Without including any pictures, reproduce the full listing exactly.

Given material below:

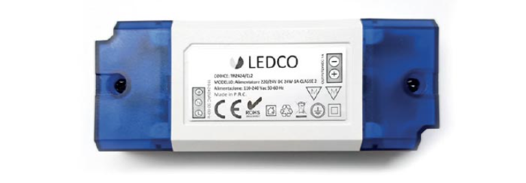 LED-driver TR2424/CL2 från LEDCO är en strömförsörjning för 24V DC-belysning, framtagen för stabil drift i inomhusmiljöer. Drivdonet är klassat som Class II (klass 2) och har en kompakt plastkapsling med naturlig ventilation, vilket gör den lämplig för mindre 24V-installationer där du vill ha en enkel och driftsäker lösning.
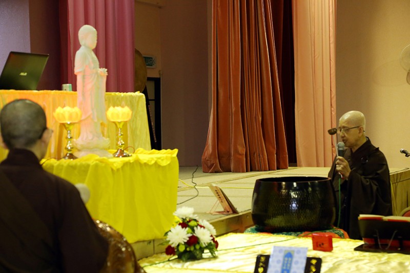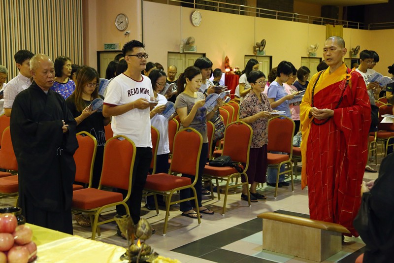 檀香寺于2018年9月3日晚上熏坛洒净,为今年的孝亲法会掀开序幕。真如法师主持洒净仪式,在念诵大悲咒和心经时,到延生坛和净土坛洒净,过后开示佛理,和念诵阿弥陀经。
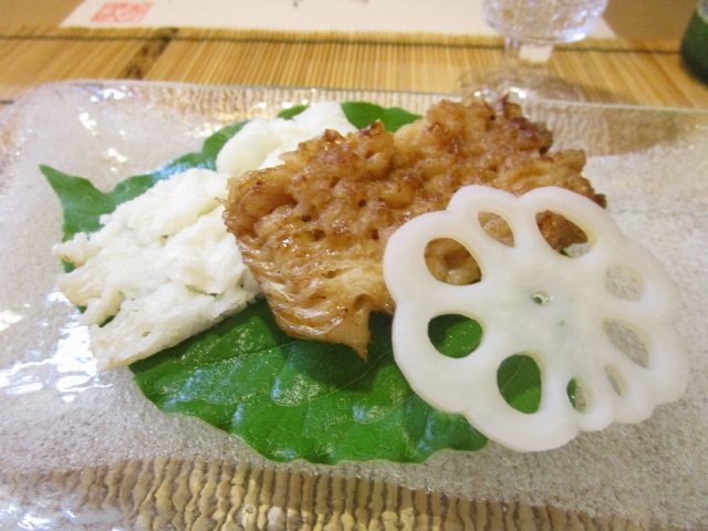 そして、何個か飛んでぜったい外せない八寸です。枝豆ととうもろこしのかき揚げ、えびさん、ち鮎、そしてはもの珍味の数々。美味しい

End of Given material.

- **Task result**
 LED-driver TR2424/CL2 från LEDCO är en strömförsörjning för 24V DC-belysning, framtagen för stabil drift i inomhusmiljöer. Drivdonet är klassat som Class II (klass 2) och har en kompakt plastkapsling med naturlig ventilation, vilket gör den lämplig för mindre 24V-installationer där du vill ha en enkel och driftsäker lösning.
 檀香寺于2018年9月3日晚上熏坛洒净,为今年的孝亲法会掀开序幕。真如法师主持洒净仪式,在念诵大悲咒和心经时,到延生坛和净土坛洒净,过后开示佛理,和念诵阿弥陀经。
 そして、何個か飛んでぜったい外せない八寸です。枝豆ととうもろこしのかき揚げ、えびさん、ち鮎、そしてはもの珍味の数々。美味しい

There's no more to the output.